Set down each entry exactly; omit images.

● **The input**:
#####

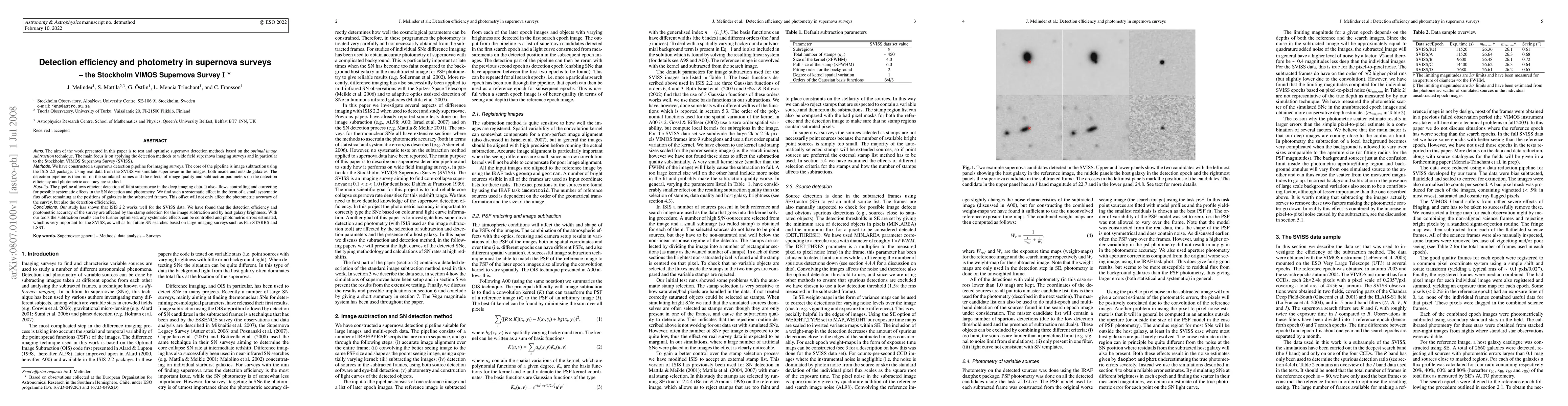 The aim of the work presented in this paper is to test and optimise supernova detection methods based on the optimal image subtraction technique. The main focus is on applying the detection methods to wide field supernova imaging surveys and in particular to the Stockholm VIMOS Supernova Survey (SVISS). We have constructed a supernova detection pipeline for imaging surveys. The core of the pipeline is image subtraction using the ISIS 2.2 package. Using real data from the SVISS we simulate supernovae in the images, both inside and outside galaxies. The detection pipeline is then run on the simulated frames and the effects of image quality and subtraction parameters on the detection efficiency and photometric accuracy are studied. The pipeline allows efficient detection of faint supernovae in the deep imaging data. It also allows controlling and correcting for possible systematic effects in the SN detection and photometry. We find such a systematic effect in the form of a small systematic flux offset remaining at the positions of galaxies in the subtracted frames. This offset will not only affect the photometric accuracy of the survey, but also the detection efficiencies. Our study has shown that ISIS 2.2 works well for the SVISS data. We have found that the detection efficiency and photometric accuracy of the survey are affected by the stamp selection for the image subtraction and by host galaxy brightness. With our tools the subtraction results can be further optimised, any systematic effects can be controlled and photometric errors estimated, which is very important for the SVISS, as well as for future SN searches based on large imaging surveys such as Pan-STARRS and LSST.
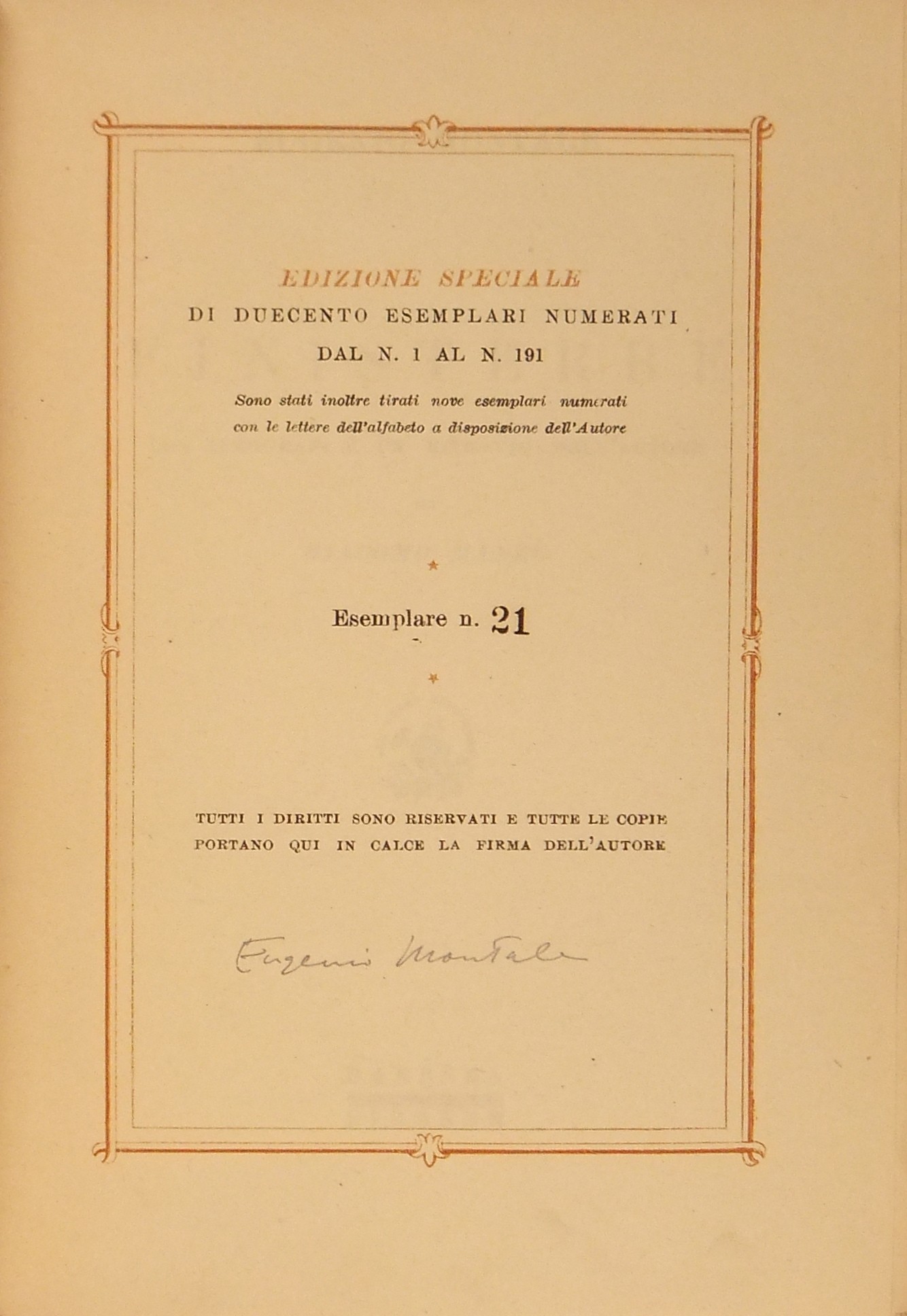 Edizione speciale di duecento esemplari numerati dal n. 1 al n. 191. Sono stati inoltre tirati 9 esemplari numerati con lettere dell'alfabeto a disposizione dell'Autore. Ns. esemplare n. 21. Firmato dall'Autore
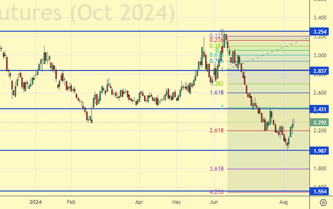 Рынок быстро восстанавливается после совсем необязательного хода ниже 80.00. Впрочем, выше мы тоже пока не поднялись, но можем, и это может стать крайне неприятной историей уже для продавцов. Запасы нефти в США продолжают падать: -3.728, при этом отметим рекорд по добыче 13.4 млн. баррелей в день, который мало что меняет внутри самих США, но сами по себе потуги стоит оценить. Осенью ждем цены выше 80.00 на фоне хорошего мирового спроса.
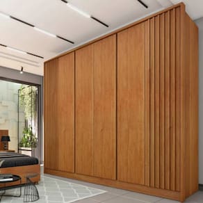 Esse produto é exatamente o que falta em seu dormitório. Um lindo produto com acabamento em MDP e em MDF, seu interior possui cabideiros em alumínio, além de puxador interno nas gavetas em PVC e gavetas com corrediças telescópicas. Para deixar o guarda roupa ainda mais charmoso, ele possui ripas nas portas laterais em MDF e o puxador em MDF nas por centrais e suas costas são inteiriças.
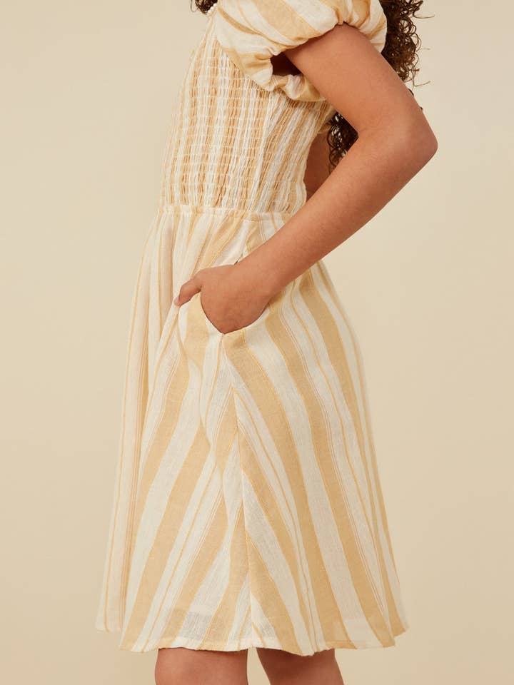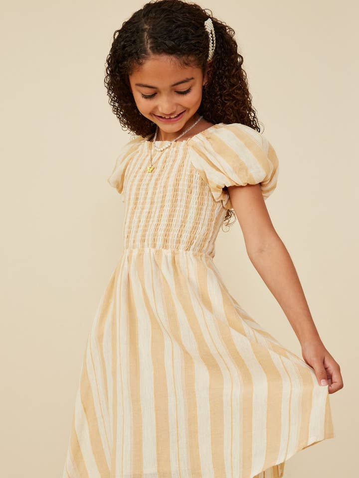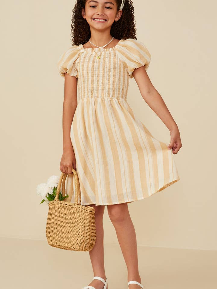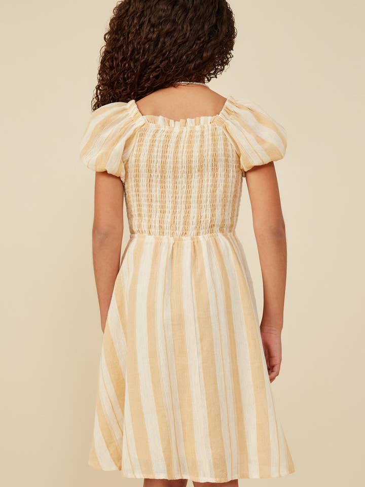 Our Textured Stripe Smocked Puff Sleeve Dress Features: * Textured Stripe Fabric * Smocked Detail * Puff Sleeve Measurements: Size Length Chest Waist Small 29" 12" 10.5" Medium 30.5" 13" 11.25" Large 32" 14" 12" X-Large 33.5" 15" 12.75" The measurements in the chart above reflect the garment laying flat. For body measurements please visit our Size Guide. Model Stats: * Height: 4'4" * Wearing Size: S Material & Care: * 65% Cotton 35% Linen * Hand Wash Cold * Hang Dry

#####

● **Answer box**:
 The aim of the work presented in this paper is to test and optimise supernova detection methods based on the optimal image subtraction technique. The main focus is on applying the detection methods to wide field supernova imaging surveys and in particular to the Stockholm VIMOS Supernova Survey (SVISS). We have constructed a supernova detection pipeline for imaging surveys. The core of the pipeline is image subtraction using the ISIS 2.2 package. Using real data from the SVISS we simulate supernovae in the images, both inside and outside galaxies. The detection pipeline is then run on the simulated frames and the effects of image quality and subtraction parameters on the detection efficiency and photometric accuracy are studied. The pipeline allows efficient detection of faint supernovae in the deep imaging data. It also allows controlling and correcting for possible systematic effects in the SN detection and photometry. We find such a systematic effect in the form of a small systematic flux offset remaining at the positions of galaxies in the subtracted frames. This offset will not only affect the photometric accuracy of the survey, but also the detection efficiencies. Our study has shown that ISIS 2.2 works well for the SVISS data. We have found that the detection efficiency and photometric accuracy of the survey are affected by the stamp selection for the image subtraction and by host galaxy brightness. With our tools the subtraction results can be further optimised, any systematic effects can be controlled and photometric errors estimated, which is very important for the SVISS, as well as for future SN searches based on large imaging surveys such as Pan-STARRS and LSST.
 Edizione speciale di duecento esemplari numerati dal n. 1 al n. 191. Sono stati inoltre tirati 9 esemplari numerati con lettere dell'alfabeto a disposizione dell'Autore. Ns. esemplare n. 21. Firmato dall'Autore
 Рынок быстро восстанавливается после совсем необязательного хода ниже 80.00. Впрочем, выше мы тоже пока не поднялись, но можем, и это может стать крайне неприятной историей уже для продавцов. Запасы нефти в США продолжают падать: -3.728, при этом отметим рекорд по добыче 13.4 млн. баррелей в день, который мало что меняет внутри самих США, но сами по себе потуги стоит оценить. Осенью ждем цены выше 80.00 на фоне хорошего мирового спроса.
 Esse produto é exatamente o que falta em seu dormitório. Um lindo produto com acabamento em MDP e em MDF, seu interior possui cabideiros em alumínio, além de puxador interno nas gavetas em PVC e gavetas com corrediças telescópicas. Para deixar o guarda roupa ainda mais charmoso, ele possui ripas nas portas laterais em MDF e o puxador em MDF nas por centrais e suas costas são inteiriças.
 Our Textured Stripe Smocked Puff Sleeve Dress Features: * Textured Stripe Fabric * Smocked Detail * Puff Sleeve Measurements: Size Length Chest Waist Small 29" 12" 10.5" Medium 30.5" 13" 11.25" Large 32" 14" 12" X-Large 33.5" 15" 12.75" The measurements in the chart above reflect the garment laying flat. For body measurements please visit our Size Guide. Model Stats: * Height: 4'4" * Wearing Size: S Material & Care: * 65% Cotton 35% Linen * Hand Wash Cold * Hang Dry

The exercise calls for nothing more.